Monday, March 13, 2017

Trump vs. Deep State

Trump has the opponent he needs.


Democrats need to watch out.   Trump is discovering that governing is hard.  Fortunately he has an excuse.  Blame the "Deep State."


In foreign countries the Deep State consists of the secret security apparatus, the folks who assassinate reporters and frame political opponents and do the dirty work that fuels the plots of TV shows and movies.  

Trump is preparing his defense
We know them from fiction and the news:  Secret agents.  Dirty cops. Leakers.  Confidential informants.  Fixers.  People who know people. People and money off the books. Holdover bureaucrats.  Favors. Handshake deals. Lobbyists.  Put in a word. Back scratching. Deal makers.

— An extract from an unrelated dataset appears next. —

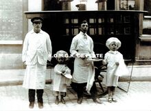 Formaat : 20 x 27 cm. - Frietkar voor Dancing Valentino op de Groentemarkt. - We zien helemaal links Eduard Geselle, rechts naast hem RenΓ© Geselle, dan Georges Geselle die later uitgeweken is naar de Verenigde Staten en rechts van hem Camiel Geselle

Anonymous sources. 

The "deep state" is the ideal opponent for Trump.  They are mysterious, their powers unknowable.  Accusations can never be disproved.  Questions can be asked and re-asked.  The plan has similarities to the "birther" accusation in that Trump is raising suspicion about a dark conspiracy.  No document, no evidence, no "proof" that Obama could supply would satisfy Trump.   "Questions have been raised," Trump would say, correctly.  He raised the questions.  Therefore the situation was "questionable."

The Obamacare replacement is already shaping up as a disaster.  Democrats are calling it Trumpcare.  They got the memo.  Republicans are saying Obamacare was failing on its own.   Someone will get the blame.  Trump is deflecting it already with the "deep state" accusation.  Spicer:  "I don't think it should come as any surprise that there are people that burrowed into government during the eight years of the last administration, and, you know, maybe believed that agenda and want to continue to seek it."

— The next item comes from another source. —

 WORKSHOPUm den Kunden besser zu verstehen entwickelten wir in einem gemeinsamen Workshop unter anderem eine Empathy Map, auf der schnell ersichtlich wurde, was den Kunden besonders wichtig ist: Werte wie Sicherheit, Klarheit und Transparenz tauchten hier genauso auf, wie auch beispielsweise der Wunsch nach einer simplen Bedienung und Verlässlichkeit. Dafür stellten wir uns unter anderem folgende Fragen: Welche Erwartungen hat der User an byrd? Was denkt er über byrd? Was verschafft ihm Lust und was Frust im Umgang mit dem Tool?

The "deep state" accusation is perfect for Trump. Trump is accusing a ghost, an amorphous secretive villain which cannot be disproven.  There are, in fact, now and always, dirty cops,  secret agents, leakers, holdovers, and anonymous sources.   Democrats will fall into a trap if they attempt to deny the existence of a "deep state" defined as holdovers and leakers.  They are, in fact, real, which makes Trump's blame of them powerful as an excuse.  It fits the authoritarian style, too.  It justifies purging the intelligence services, demanding personal loyalty.  It justifies wiretaps.  It justifies investigations.


Democrats have already opened the door for this with their accusations of subversive Russian influence.  Trump is simply widening the search, looking for moles and subversives out to get him.

Trump's friends at Fox are at work, describing the deep state in the strongest terms, using in the attached short segment the following words:  "deep state operatives", "Obama imprinted operatives", "potentially treasonous", "enemy from within", "treachery", "Benedict Arnold," "elitist infrastructure", "Agitation, Barrack, Chaos", "radical death lobby."   Watch:  Click Here


What can Democrats do?  Reduce Trump's popularity, by trying to tie the failures to Trump.   Governing is hard and presidents became unpopular.

It may not work.  Trump will fight back in a way that Obama did not.  Trump has the secret enemy he wants.   If Trump appears to govern by the will of the people then Republicans will tolerate him and validate his excuses.   

McCain:  put up or shut up
Trump's weak spot is not the media and it is not Democrats.  It is Republicans.  His base is fragile.  This blog noted last week that the key to reducing Trump's power lay in the Republican Party, particularly its ambitious Senators and the Governors whose states expanded Medicare.  It is in their interest for Trump to fail and they can make opposition to Trump politically safe for Republican officeholders generally, plus acceptable to Republican voters.

Trump will be on safe ground politically when he attacks the Democrats and the media, but not when he attacks fellow Republicans.   Already lined up in opposition to him are Senators Graham, McCain, Paul, Cruz, Lee, Cotton, and Sasse.